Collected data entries
────

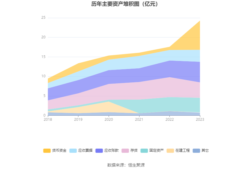资产重大变化方面,截至2023年年末,公司货币资金较上年末增加827.91%,占公司总资产比重上升26.28个百分点;存货较上年末减少22.77%,占公司总资产比重下降12.77个百分点;固定资产较上年末增加4.99%,占公司总资产比重下降4.87个百分点;应收票据较上年末增加12.41%,占公司总资产比重下降2.88个百分点。
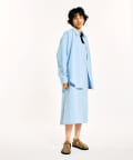 ■羽織りとして着用しても様になるハリのある生地感とドット釦仕様。
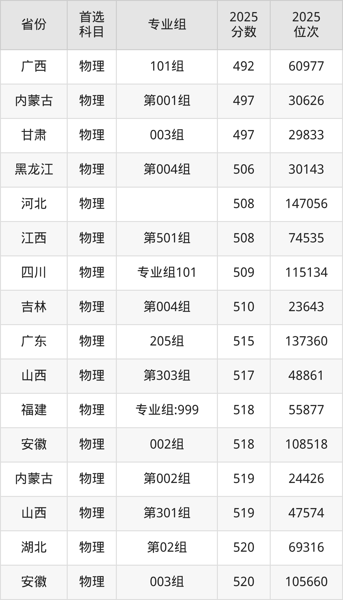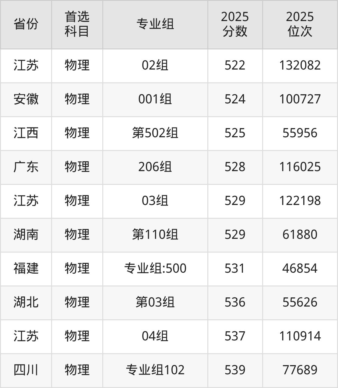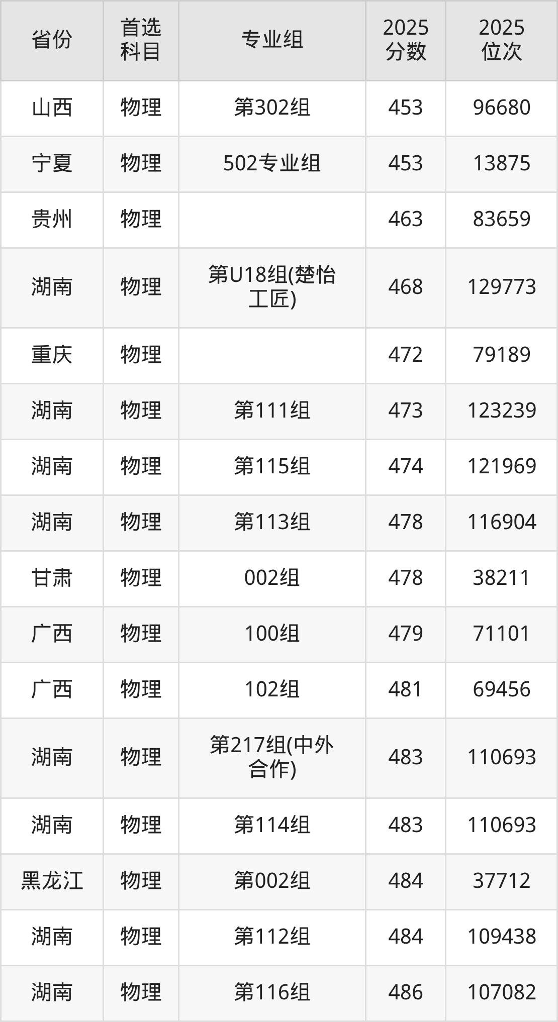 物理类:第114组491分、89647名,第115组482分、98445名,第116组466分、114644名,第117组479分、101448名,第118组480分、100457名,第119组489分、91611名,第120组479分、101448名,第121组478分、102477名,第122组465分、115700名,第123组473分、107543名,第124组471分、109561名,第127组476分、104439名,第128组481分、99466名,第129组477分、103466名,第225组(中外合作)462分、118904名,第U26组(楚怡工匠)447分、134834名。
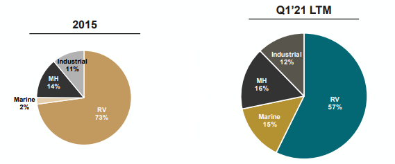 Another operational risk that the company is open about is the reliance on the RV segment which makes up over 50% of sales and also a somewhat concentrated relationship with two of the larger RV OEMs that account for around 10% of sales (Thor and Forest River).
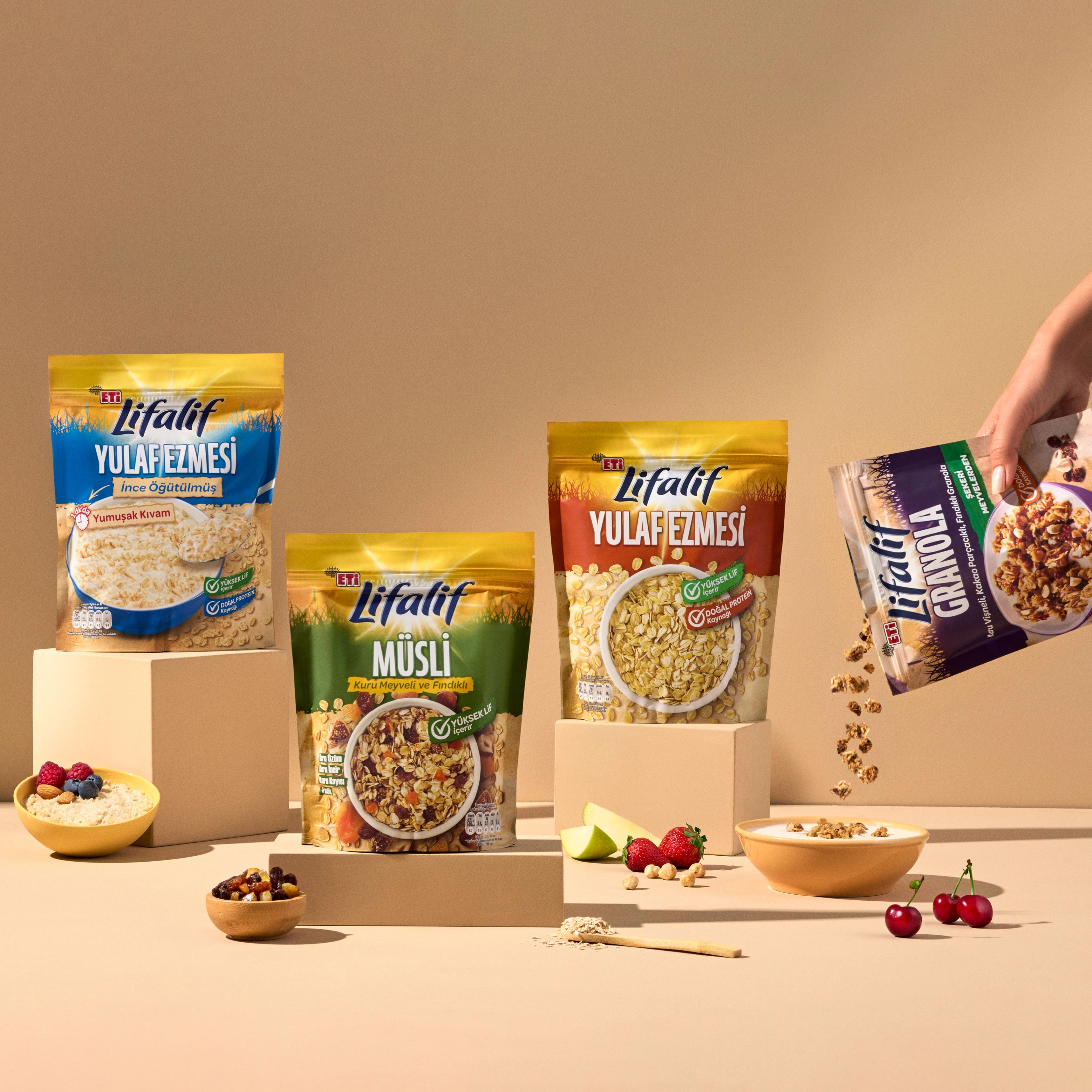Eti Lifalif Yulaf Ezmesi; yulafın doğallığını, lezzetini ve besleyiciliğini pratik bir şekilde sunan sağlam bir kahvaltı ve ara öğün alternatifidir. 1 kase(30g) ile günlük lif ihtiyacınızın %16’sını karşılar. Soğuk süt, yoğurt ile karıştırarak veya sütte haşlayarak kısa sürede hazırlayabilirsiniz.

────

Write out exactly the lines between the start of the data and the line with "Another operational risk", including both, but none of the pictures.

资产重大变化方面,截至2023年年末,公司货币资金较上年末增加827.91%,占公司总资产比重上升26.28个百分点;存货较上年末减少22.77%,占公司总资产比重下降12.77个百分点;固定资产较上年末增加4.99%,占公司总资产比重下降4.87个百分点;应收票据较上年末增加12.41%,占公司总资产比重下降2.88个百分点。
 ■羽織りとして着用しても様になるハリのある生地感とドット釦仕様。
 物理类:第114组491分、89647名,第115组482分、98445名,第116组466分、114644名,第117组479分、101448名,第118组480分、100457名,第119组489分、91611名,第120组479分、101448名,第121组478分、102477名,第122组465分、115700名,第123组473分、107543名,第124组471分、109561名,第127组476分、104439名,第128组481分、99466名,第129组477分、103466名,第225组(中外合作)462分、118904名,第U26组(楚怡工匠)447分、134834名。
 Another operational risk that the company is open about is the reliance on the RV segment which makes up over 50% of sales and also a somewhat concentrated relationship with two of the larger RV OEMs that account for around 10% of sales (Thor and Forest River).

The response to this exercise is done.